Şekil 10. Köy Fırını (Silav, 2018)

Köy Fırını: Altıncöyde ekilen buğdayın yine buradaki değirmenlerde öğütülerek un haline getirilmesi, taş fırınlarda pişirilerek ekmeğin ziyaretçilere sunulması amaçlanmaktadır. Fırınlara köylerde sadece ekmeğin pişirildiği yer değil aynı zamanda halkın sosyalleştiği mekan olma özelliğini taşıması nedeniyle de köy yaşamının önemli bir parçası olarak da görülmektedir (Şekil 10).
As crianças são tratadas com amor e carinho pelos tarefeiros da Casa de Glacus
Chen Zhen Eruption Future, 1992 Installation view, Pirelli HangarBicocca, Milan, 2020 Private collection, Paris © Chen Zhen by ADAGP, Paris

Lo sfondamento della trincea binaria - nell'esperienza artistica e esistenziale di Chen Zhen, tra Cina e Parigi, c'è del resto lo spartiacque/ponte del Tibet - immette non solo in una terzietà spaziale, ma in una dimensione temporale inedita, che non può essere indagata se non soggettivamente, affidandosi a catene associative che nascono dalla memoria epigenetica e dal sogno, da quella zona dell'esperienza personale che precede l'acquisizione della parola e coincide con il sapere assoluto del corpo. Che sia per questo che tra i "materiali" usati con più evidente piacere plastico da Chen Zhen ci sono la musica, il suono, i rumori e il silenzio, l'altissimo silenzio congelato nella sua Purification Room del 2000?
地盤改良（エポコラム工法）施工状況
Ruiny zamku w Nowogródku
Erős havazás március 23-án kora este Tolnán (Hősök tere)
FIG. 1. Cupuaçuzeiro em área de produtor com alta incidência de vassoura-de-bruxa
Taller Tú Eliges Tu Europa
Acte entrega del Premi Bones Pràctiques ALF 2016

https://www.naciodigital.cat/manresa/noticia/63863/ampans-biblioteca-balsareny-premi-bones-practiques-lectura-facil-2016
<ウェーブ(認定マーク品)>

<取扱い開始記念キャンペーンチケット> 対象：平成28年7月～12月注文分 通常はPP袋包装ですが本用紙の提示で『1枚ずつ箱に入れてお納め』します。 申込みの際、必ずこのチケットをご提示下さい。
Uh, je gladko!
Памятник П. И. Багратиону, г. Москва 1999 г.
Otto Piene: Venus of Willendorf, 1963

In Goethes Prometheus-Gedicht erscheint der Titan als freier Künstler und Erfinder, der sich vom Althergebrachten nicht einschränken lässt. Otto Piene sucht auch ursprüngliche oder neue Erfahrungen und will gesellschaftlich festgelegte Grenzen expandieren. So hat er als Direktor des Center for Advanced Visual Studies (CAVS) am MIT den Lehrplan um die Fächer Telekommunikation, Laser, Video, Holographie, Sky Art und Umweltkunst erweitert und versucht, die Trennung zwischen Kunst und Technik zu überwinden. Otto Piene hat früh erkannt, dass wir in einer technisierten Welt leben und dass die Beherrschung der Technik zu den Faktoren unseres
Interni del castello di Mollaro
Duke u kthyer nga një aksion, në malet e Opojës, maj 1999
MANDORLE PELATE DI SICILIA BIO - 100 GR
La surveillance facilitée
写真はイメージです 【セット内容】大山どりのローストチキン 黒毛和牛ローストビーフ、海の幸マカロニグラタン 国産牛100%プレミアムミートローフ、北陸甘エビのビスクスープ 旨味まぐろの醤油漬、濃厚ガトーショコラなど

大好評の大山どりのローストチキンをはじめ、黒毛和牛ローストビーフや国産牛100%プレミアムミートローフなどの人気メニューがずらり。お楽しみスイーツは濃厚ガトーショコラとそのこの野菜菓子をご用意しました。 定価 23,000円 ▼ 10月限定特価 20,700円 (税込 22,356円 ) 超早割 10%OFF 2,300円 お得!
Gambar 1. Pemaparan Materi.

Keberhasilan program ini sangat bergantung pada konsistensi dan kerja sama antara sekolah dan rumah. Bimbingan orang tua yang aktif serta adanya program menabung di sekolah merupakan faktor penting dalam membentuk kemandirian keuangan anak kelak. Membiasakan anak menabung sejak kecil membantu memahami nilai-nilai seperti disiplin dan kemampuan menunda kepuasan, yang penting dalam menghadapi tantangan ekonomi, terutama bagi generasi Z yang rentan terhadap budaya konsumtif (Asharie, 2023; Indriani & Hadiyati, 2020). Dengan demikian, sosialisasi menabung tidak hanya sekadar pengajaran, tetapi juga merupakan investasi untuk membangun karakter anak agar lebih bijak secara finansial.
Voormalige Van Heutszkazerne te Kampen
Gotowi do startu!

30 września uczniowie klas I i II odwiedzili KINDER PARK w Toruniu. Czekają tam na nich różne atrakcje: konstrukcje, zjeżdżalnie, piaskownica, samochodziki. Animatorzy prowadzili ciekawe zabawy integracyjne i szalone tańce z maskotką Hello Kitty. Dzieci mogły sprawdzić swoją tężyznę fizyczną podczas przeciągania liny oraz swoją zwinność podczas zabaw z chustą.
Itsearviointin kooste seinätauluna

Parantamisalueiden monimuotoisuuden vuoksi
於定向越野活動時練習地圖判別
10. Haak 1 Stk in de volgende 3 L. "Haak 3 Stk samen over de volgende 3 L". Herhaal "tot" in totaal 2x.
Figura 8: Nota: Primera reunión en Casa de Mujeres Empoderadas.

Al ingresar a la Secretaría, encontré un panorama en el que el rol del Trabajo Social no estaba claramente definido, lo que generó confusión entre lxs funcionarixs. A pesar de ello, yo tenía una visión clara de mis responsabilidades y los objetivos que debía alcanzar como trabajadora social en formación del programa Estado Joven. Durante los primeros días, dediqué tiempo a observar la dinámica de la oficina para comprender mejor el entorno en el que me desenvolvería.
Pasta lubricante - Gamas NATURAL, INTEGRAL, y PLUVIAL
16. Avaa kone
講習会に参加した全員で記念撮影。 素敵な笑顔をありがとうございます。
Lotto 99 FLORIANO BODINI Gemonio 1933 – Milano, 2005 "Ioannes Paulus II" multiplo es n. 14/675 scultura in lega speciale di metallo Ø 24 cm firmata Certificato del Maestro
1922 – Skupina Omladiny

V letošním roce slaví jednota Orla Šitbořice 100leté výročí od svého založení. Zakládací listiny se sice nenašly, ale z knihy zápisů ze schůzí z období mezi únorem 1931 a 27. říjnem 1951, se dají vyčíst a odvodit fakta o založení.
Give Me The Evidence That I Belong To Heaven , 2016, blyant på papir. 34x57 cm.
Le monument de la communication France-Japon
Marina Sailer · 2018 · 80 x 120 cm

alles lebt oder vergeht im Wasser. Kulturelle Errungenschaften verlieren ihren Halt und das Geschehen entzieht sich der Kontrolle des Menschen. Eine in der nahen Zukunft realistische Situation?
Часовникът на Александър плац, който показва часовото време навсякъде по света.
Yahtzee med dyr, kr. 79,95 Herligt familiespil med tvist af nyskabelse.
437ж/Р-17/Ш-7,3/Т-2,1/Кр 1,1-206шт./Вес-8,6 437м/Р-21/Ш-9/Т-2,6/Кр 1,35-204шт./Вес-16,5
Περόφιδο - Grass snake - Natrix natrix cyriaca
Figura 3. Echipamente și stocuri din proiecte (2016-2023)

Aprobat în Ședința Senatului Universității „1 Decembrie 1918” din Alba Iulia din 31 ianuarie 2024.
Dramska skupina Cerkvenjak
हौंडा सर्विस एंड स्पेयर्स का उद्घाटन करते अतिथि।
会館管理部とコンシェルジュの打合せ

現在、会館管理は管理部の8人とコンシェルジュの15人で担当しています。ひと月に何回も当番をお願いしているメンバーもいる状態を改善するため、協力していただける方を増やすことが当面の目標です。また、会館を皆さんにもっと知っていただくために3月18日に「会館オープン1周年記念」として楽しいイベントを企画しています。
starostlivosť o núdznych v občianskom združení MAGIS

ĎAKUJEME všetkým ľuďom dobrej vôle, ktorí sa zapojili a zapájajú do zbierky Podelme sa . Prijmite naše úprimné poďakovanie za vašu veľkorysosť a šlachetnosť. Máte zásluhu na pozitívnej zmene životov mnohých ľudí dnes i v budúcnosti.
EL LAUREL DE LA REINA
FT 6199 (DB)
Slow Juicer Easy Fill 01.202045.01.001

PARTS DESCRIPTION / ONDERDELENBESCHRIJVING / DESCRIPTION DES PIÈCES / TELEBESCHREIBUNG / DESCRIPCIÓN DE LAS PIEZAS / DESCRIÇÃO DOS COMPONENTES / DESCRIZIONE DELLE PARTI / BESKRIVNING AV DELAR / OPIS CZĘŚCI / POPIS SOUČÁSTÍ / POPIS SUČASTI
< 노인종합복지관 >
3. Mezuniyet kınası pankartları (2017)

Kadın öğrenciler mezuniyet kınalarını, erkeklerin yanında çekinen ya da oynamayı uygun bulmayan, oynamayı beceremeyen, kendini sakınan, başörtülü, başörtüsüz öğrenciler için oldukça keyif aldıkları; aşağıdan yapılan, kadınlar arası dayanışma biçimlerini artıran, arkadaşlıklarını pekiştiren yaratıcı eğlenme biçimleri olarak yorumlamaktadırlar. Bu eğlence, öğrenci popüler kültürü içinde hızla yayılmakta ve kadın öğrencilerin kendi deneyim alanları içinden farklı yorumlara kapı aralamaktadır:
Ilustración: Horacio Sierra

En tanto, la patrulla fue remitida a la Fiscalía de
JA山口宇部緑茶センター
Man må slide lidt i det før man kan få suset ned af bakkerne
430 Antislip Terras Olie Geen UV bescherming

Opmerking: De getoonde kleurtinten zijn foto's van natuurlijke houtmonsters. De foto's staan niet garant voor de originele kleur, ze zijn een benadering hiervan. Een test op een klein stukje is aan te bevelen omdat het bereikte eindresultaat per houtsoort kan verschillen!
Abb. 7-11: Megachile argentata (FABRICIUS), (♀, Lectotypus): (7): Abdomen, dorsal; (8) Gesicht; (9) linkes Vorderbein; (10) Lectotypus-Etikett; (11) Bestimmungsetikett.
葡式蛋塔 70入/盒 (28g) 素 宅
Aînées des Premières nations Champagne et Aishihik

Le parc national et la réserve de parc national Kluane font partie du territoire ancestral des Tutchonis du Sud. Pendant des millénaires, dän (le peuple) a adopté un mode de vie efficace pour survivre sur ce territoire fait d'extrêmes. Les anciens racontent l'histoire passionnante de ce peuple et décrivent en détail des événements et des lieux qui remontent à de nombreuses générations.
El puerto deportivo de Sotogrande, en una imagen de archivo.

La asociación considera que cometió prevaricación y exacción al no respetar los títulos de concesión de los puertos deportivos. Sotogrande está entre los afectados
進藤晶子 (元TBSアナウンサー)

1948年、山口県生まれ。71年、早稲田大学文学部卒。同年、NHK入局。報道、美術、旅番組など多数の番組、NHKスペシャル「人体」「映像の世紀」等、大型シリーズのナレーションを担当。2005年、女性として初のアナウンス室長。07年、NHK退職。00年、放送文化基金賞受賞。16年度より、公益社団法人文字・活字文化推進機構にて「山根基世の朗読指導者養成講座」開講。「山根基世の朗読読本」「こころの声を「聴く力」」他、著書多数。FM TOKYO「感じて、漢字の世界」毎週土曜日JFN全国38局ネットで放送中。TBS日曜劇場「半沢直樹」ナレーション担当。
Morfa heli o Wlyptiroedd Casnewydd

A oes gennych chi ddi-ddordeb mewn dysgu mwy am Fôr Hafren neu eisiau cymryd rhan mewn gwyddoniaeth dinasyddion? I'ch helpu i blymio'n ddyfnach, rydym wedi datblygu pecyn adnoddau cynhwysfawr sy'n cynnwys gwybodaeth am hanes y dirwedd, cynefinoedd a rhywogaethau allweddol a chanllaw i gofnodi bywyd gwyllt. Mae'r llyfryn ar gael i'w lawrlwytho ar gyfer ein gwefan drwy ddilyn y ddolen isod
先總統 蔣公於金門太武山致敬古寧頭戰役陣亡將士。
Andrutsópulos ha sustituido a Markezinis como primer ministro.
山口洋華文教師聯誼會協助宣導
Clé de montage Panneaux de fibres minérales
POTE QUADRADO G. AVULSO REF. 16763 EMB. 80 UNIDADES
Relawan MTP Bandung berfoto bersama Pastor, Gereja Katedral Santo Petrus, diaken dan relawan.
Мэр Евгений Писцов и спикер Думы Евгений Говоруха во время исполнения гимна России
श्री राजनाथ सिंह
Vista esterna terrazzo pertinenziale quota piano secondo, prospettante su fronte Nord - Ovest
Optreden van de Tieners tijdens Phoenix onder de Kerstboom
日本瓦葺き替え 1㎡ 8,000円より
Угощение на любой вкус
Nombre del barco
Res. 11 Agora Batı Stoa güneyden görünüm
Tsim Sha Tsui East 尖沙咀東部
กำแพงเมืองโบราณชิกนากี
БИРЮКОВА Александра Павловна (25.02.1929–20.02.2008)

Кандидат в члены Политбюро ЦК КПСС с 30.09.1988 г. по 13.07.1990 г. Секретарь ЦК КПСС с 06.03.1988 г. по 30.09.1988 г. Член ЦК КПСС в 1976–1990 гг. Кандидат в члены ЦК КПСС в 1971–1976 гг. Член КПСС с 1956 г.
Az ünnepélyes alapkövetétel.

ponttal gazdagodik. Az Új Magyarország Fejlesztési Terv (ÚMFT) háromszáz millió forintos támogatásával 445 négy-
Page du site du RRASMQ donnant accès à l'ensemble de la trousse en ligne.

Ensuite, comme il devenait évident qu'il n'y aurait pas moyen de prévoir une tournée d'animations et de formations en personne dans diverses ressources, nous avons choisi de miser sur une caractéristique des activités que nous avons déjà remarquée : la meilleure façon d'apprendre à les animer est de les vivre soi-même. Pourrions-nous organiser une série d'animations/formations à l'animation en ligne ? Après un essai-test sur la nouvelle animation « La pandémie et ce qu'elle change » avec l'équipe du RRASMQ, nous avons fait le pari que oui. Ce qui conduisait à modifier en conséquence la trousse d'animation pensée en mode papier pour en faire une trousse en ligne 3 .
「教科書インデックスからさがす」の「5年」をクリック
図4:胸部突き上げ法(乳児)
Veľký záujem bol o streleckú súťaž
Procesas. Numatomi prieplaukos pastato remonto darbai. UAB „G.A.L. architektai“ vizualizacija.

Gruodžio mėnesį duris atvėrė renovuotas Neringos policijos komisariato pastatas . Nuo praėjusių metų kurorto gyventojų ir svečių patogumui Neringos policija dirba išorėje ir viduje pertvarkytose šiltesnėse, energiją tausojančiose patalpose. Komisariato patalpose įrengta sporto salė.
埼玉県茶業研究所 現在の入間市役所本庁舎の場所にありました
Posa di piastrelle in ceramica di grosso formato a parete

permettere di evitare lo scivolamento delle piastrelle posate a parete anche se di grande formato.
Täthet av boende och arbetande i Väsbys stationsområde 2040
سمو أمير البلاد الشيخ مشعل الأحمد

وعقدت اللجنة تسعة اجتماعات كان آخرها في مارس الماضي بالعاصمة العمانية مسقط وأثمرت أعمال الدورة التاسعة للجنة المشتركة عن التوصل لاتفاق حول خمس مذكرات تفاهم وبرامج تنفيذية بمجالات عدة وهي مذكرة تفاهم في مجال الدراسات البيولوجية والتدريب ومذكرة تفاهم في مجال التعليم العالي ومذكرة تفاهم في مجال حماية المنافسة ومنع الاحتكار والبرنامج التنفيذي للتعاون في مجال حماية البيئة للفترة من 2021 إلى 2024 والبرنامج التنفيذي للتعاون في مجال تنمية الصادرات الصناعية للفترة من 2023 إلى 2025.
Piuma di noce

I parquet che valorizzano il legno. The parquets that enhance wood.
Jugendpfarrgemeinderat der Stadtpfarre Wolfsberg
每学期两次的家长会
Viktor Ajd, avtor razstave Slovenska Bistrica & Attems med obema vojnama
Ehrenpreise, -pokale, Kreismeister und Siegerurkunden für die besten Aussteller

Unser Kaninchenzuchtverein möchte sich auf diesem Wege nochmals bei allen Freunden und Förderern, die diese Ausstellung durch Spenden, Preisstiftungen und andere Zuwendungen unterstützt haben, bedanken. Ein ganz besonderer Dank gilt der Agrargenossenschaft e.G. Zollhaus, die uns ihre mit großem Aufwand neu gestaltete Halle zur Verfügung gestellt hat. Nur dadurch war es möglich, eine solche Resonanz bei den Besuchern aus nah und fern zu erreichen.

§ §

**Task objective:** Search the material for the word "Figura". Each line where it is found must be copied.

**Expected answer:**
Figura 8: Nota: Primera reunión en Casa de Mujeres Empoderadas.
Figura 3. Echipamente și stocuri din proiecte (2016-2023)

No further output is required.